Engagements campaigns can get you likes and comments but again the traffic is generally very low quality. Run a low budget Facebook page like campaign and see who is liking your page. The results may surprise you. I have seen engagement ads work to some degree for driving DMs and calls but I see Leads campaigns outperform engagement most of the time. Some argue that engagement campaigns can supplement existing sales ads with the same PostID but again its impact is not easily measurable. Last, I feel like engagement ads tend to incentivize advertisers to focus on metrics that ultimately don’t pay the bills like number of views, comments, likes etc.
All this being said, I also believe there are no absolutes with Meta ads. Are there traffic campaigns out there that crush? Absolutely. Are they few and far between? I believe so. If I see a traffic, awareness or engagement campaign that is profitable I won’t turn it off just because I don’t ‘like’ them. Be pragmatic. Keep what works, ditch what doesn’t.
At the end of the day, businesses need sales and more importantly profit to thrive. Sales and Leads campaigns are most effective for doing just that. Profit over everything.

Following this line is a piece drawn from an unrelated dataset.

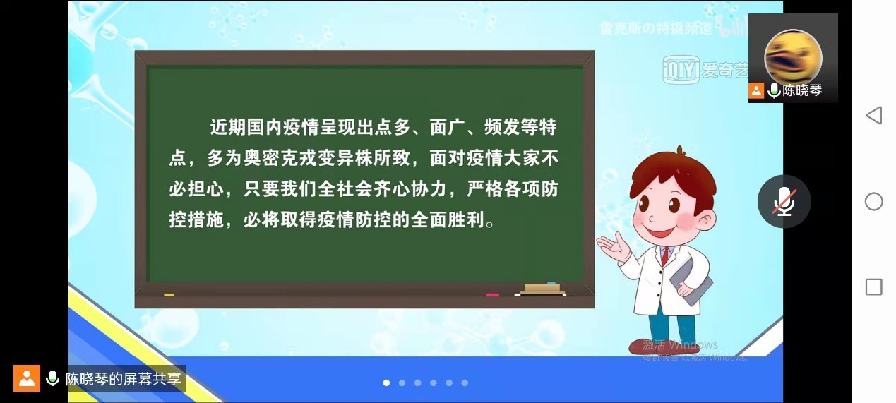 其次是“奥密克戎变异毒株的科普介绍”视频短片。短片中将两年来所出现的病毒名称和病毒变异进行了简易、深刻的阐释。日前“奥密克戎变异毒株”已经造成大量感染者,并且隐匿性更强,传播速度更快。并且隐匿性强更容易让感染者误以为是普通感冒或者是季节性流感,这也给预防和控制工作带来了不小挑战。最后给予“佩戴口罩、勤洗手、常通风、不聚集、不离汉、保持社交距离”六大方面注意事项助力疫情防控。
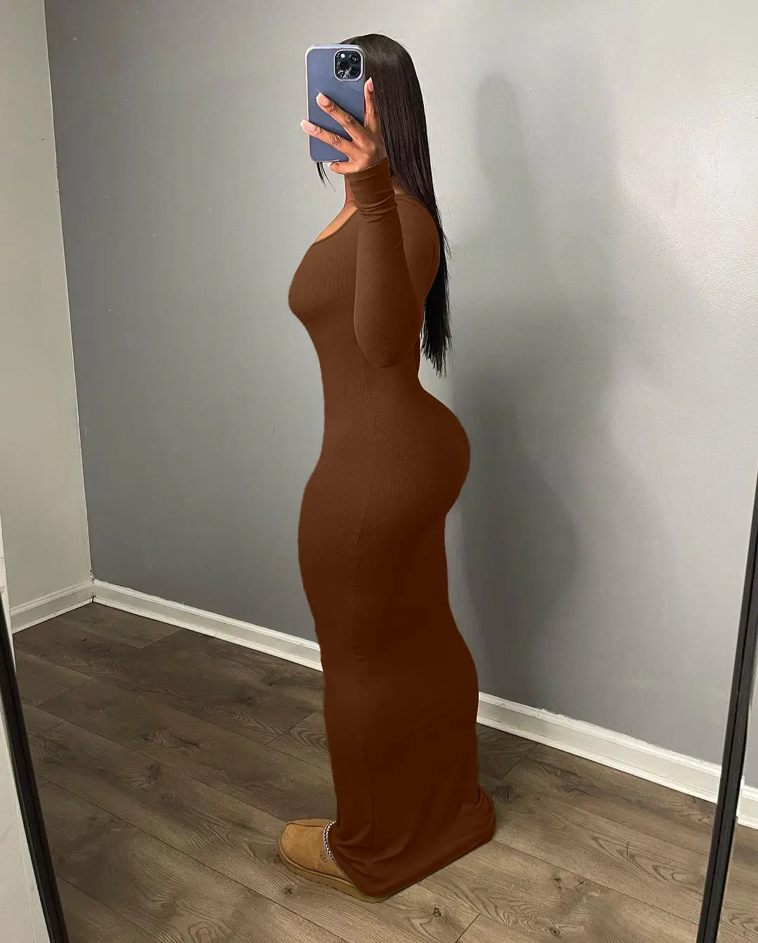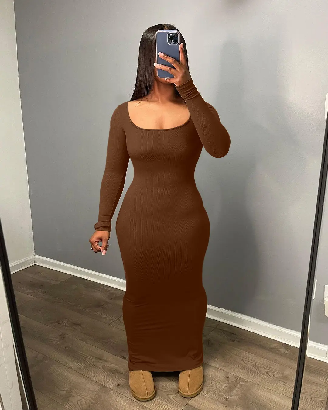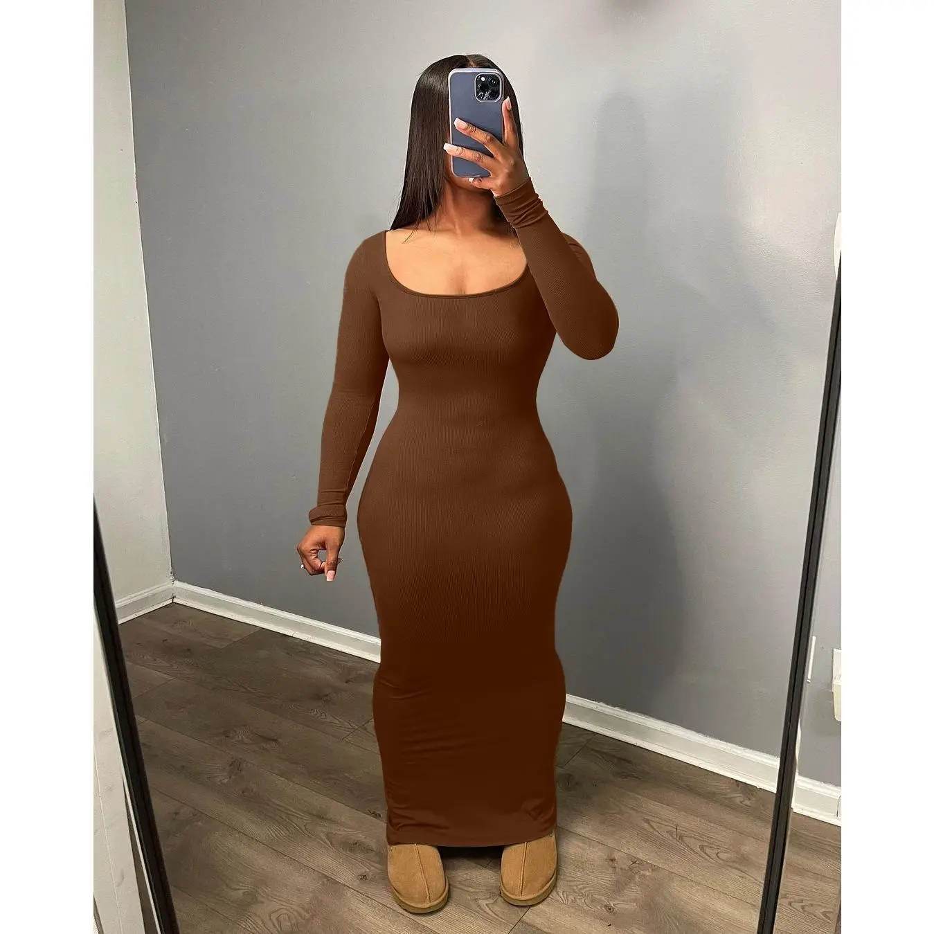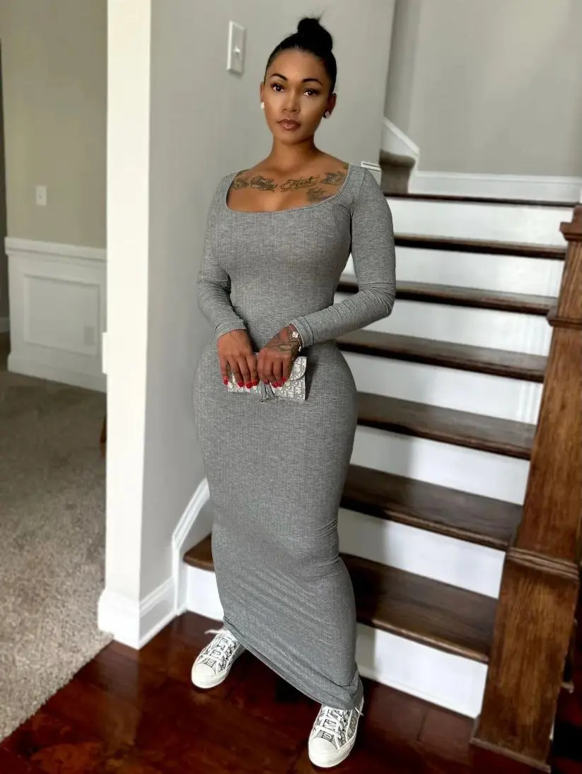 ·Basic fall winter design,ankle length,bod ycon maxi dress is designed to accentuate your silhouette,make more curvy with hips.

Campaigns Set Up for Failure
Let’s say that your average cost per purchase is $50 and you consider that ‘good.’ What I often see are businesses running CBO’s with 10 ad sets, several creative in each and a campaign budget at $50/day. With this setup, it’s likely going to take ~10+ days for each ad set to get a sale. The budget is spread way too thin. Facebook ad campaigns need conversion data to optimize. If you only give an ad set $5/day with an average cost per purchase of $50, it’s generally not going to optimize well. My rule of thumb is to set up my campaigns in such a way that I should expect to get at least 1-2 sales per day per ad set.
A better way to set this up would be a CBO with 1 ad set and a campaign budget of $50-100. Now I can be confident that I should in theory get at least 1-2 sales per day. Let’s say I go 4 days with no sales. Well I can be confident that this campaign is not going to work and I can close it and try something else. If I see 1-2+ sales per day, then I know I am on the right track.